• [Exercise requirements] Repeat the data as given. Images do not go in the copy.

• [Collected data]
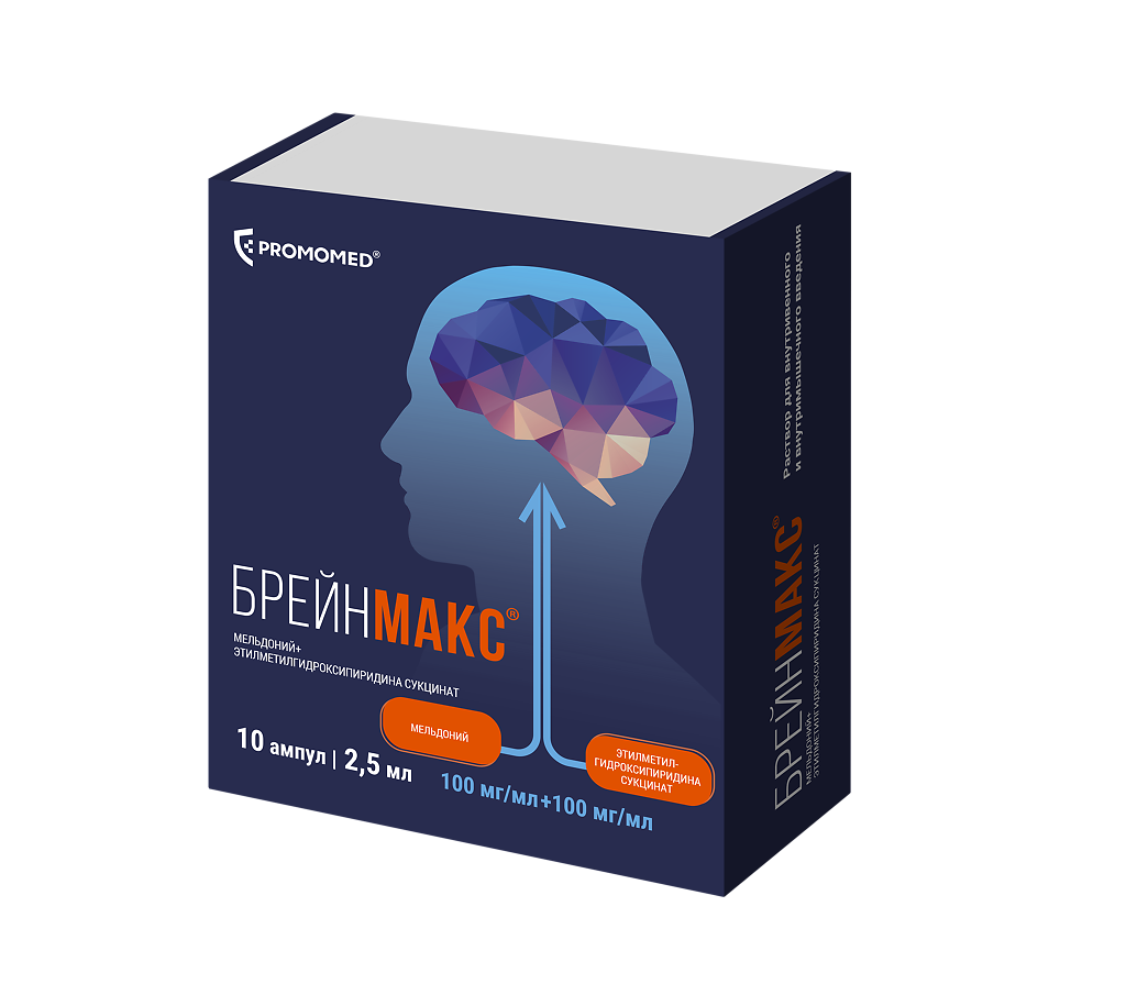 В клинических исследованиях показано, что препарат БРЕИНМАКС® по сравнению с монокомпонентами (мельдонием и этилметилгидроксипиридина сукцинатом) оказывает более выраженное положительное влияние на состояние пациентов с ишемическим инсультом в остром и раннем восстановительном периоде, повышая уровень дееспособности и мобильности пациентов, значительно уменьшая выраженность когнитивных нарушений и улучшая неврологический статус.
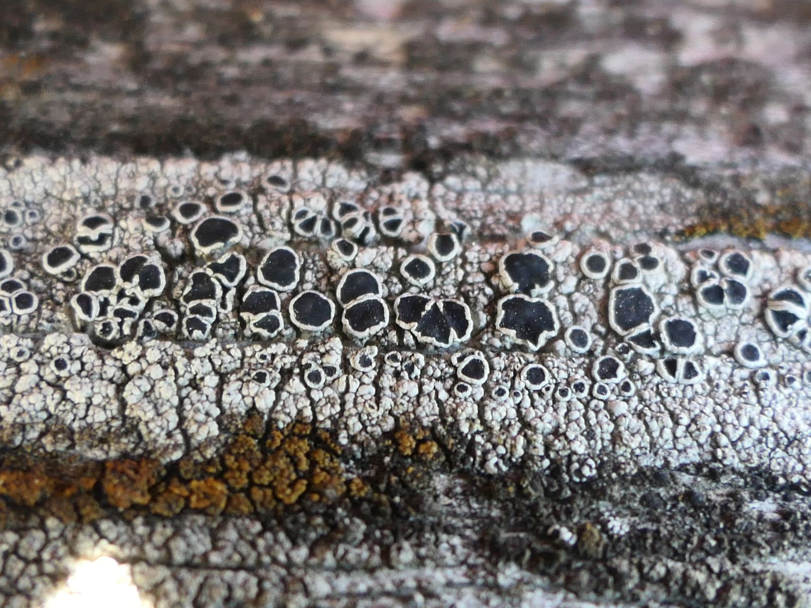 Bild 6 Neben den Blattflechten eine auffällige, lecanorine Krustenflechte mit körnig-weißem Thallus, glänzend schwarzen Apothecienscheiben mit verbeultem Rand.
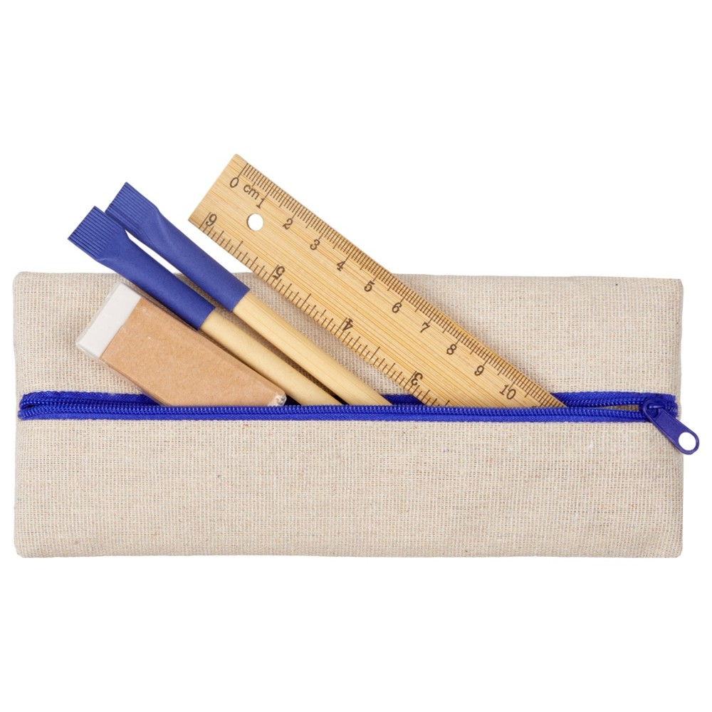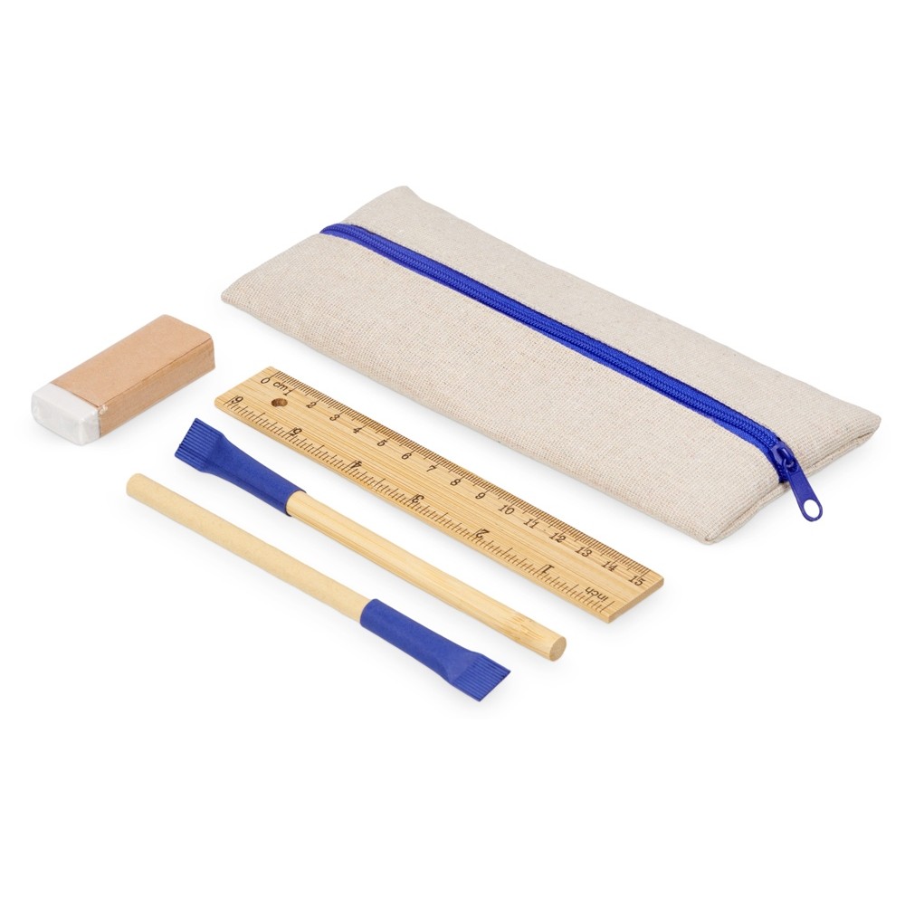 Удобный набор канцелярии со всем необходимым. В наборе: пенал на молнии, ручка Recycled, вечный карандаш в бамбуковом корпусе с колпачком из переработанной бумаги, ластик и бамбуковая линейка. Чтобы все самые необходимые пишущие принадлежности были под рукой.

• [Written solution]
 В клинических исследованиях показано, что препарат БРЕИНМАКС® по сравнению с монокомпонентами (мельдонием и этилметилгидроксипиридина сукцинатом) оказывает более выраженное положительное влияние на состояние пациентов с ишемическим инсультом в остром и раннем восстановительном периоде, повышая уровень дееспособности и мобильности пациентов, значительно уменьшая выраженность когнитивных нарушений и улучшая неврологический статус.
 Bild 6 Neben den Blattflechten eine auffällige, lecanorine Krustenflechte mit körnig-weißem Thallus, glänzend schwarzen Apothecienscheiben mit verbeultem Rand.
 Удобный набор канцелярии со всем необходимым. В наборе: пенал на молнии, ручка Recycled, вечный карандаш в бамбуковом корпусе с колпачком из переработанной бумаги, ластик и бамбуковая линейка. Чтобы все самые необходимые пишущие принадлежности были под рукой.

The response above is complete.